Join us on at 7pm on Thursday, May 22nd at Portland State University in the second floor gallery of the Urban Affairs Building, 506 SW Mill Street, for a panel discussion. We’ll be covering the origins of Women’s Studies at PSU and a suit for equity for women faculty in the Oregon higher education system.

Ten years before gaining official recognition as a program, female students and professors met to plan and implement the inclusion of Women’s Studies courses at Portland State University. They held an event in the school’s ballroom and began offering ad hoc classes., later hiring a coordinator. Eventually Women’s Studies became an official program and then a department offering a major.

In 1980, 22 Oregon women faculty members filed Penk, et al. v. Oregon State Board of Higher Education alleging sex discrimination in pay, promotion, and treatment in violation of Title VII of the Civil Rights Act of 1964. Though the case lost in court, it sparked the Oregon legislature to ultimately pass a law against discrimination in its institutions of higher education.

Panelists

Julia M. Allen participated as a graduate student in the development of the Women’s Studies Program at Portland State during the early to mid 1970s. She taught Introduction to Women’s Studies and developed a course in feminist critical theory as well. She went on to serve as a member of the faculty at Sonoma State University, where she developed courses focused on rhetoric and social movements.

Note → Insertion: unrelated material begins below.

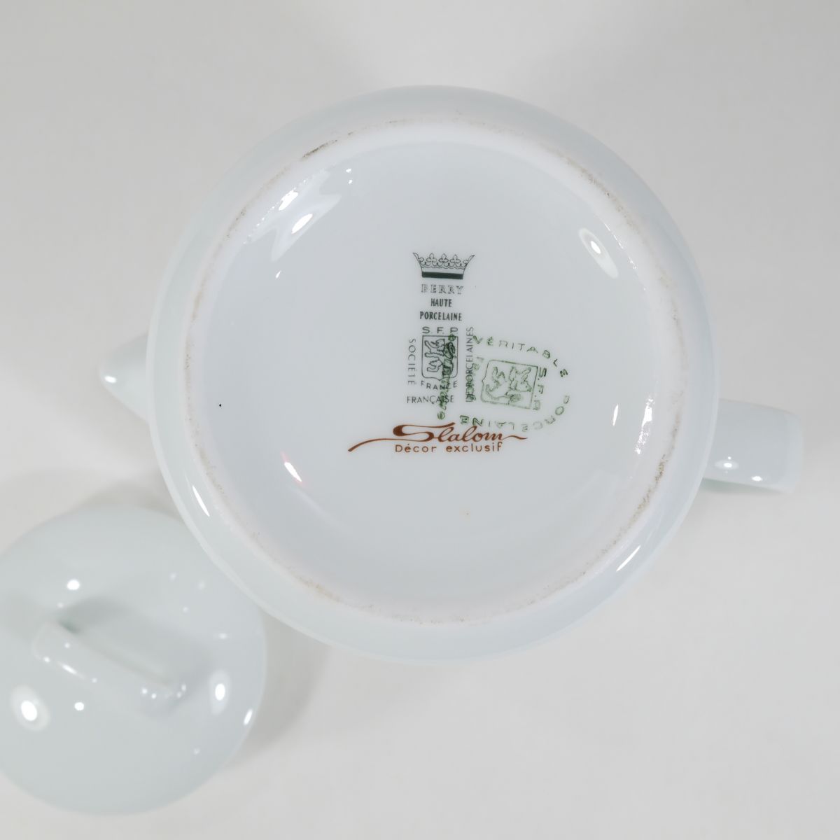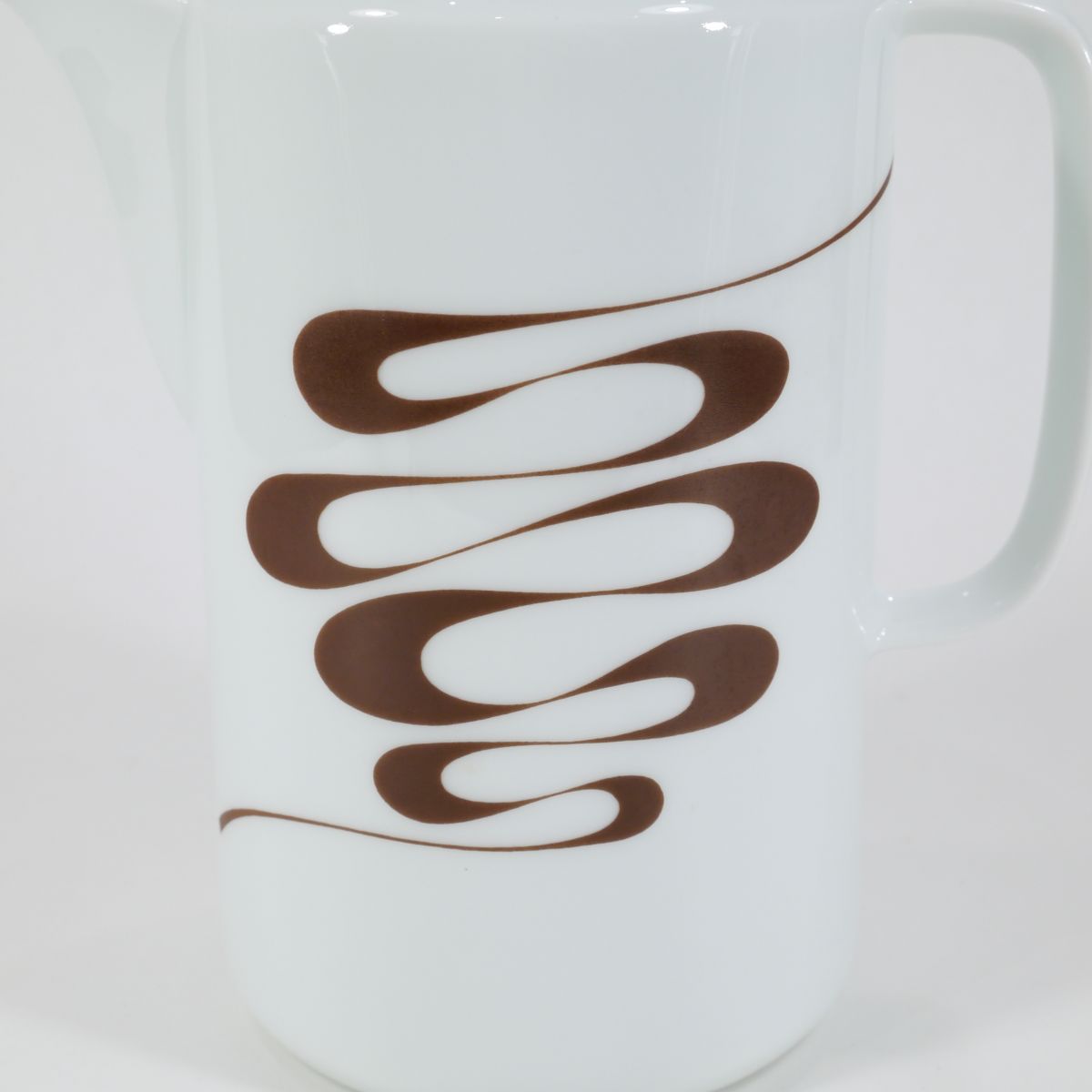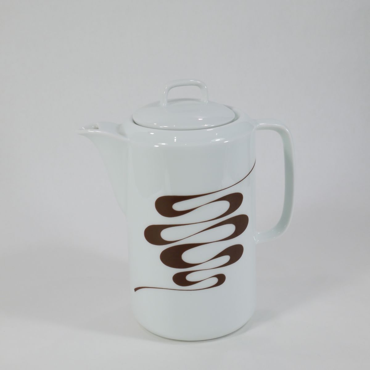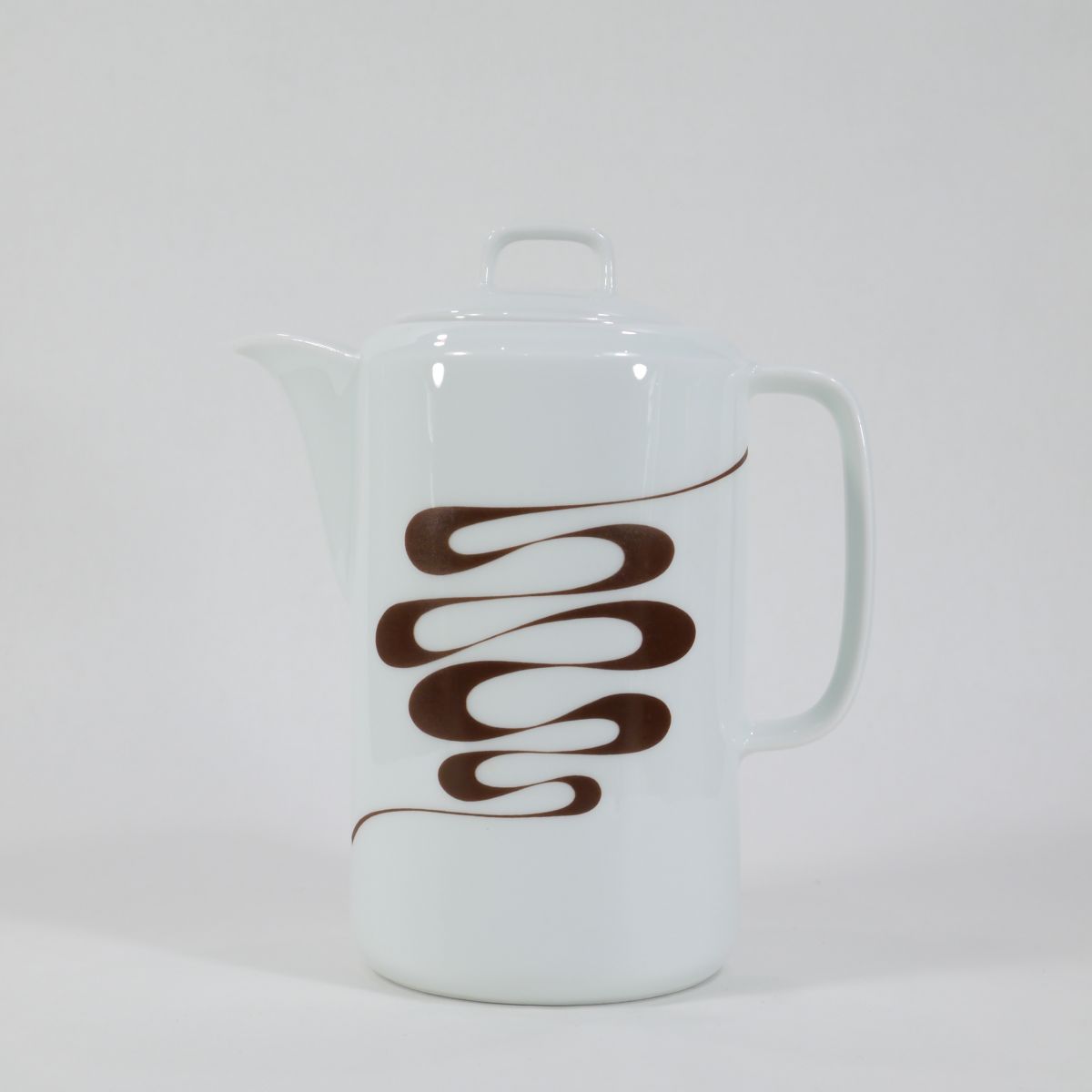 Cafetière 70s en porcelaine du Berry, au décor "slalom", à la fois sobre et vintage. Très bon état. Nous vendons également un sucrier ainsi qu'un saladier avec le même motif.

Nona Glazer, Professor Emerita, Sociology Dept., was a co-founder of the Women’s Studies Program at PSU. Many of her publications address women’s unwaged labor, and its use by capitalist firms to reduce their wage costs in health care delivery and retailing. Other work is on curriculum integration with her naïve expectation that gender, class and ethnicity would quickly become part of all university curricula rather than being lodged mainly in special “studies” programs. She was a plaintiff in Penk et al vs. the Oregon State Board of Higher Education.

Marjorie Burns was a witness for Penk vs. the Oregon State Board of Higher Education.  Though she has published on women studies and testified about women’s issues in both California and Oregon, her main area of expertise is nineteenth-century British literature.   She was on the faculty of Portland State University for thirty-seven years and is now a  professor emerita.

JoAnn Reynolds was associate counsel with Don Willner, in the Penk case, which was tried from September 1984 to June 1985. She now specializes in family law, representing clients in divorce, parenting, support, property division and other family matters. She is Of Counsel to Yates, Matthews & Eaton, P.C., in Portland. Previously, she was an associate, then partner, with the Willner, Bennett firm.

History of Social Justice Organizing is an ongoing series of presentations by activists and scholars on a wide variety of social justice organizing topics in Portland and elsewhere. This program is co-sponsored by the Center for Women, Politics & Policy whose mission is to increase women’s leadership in public policy through targeted teaching and community service programs.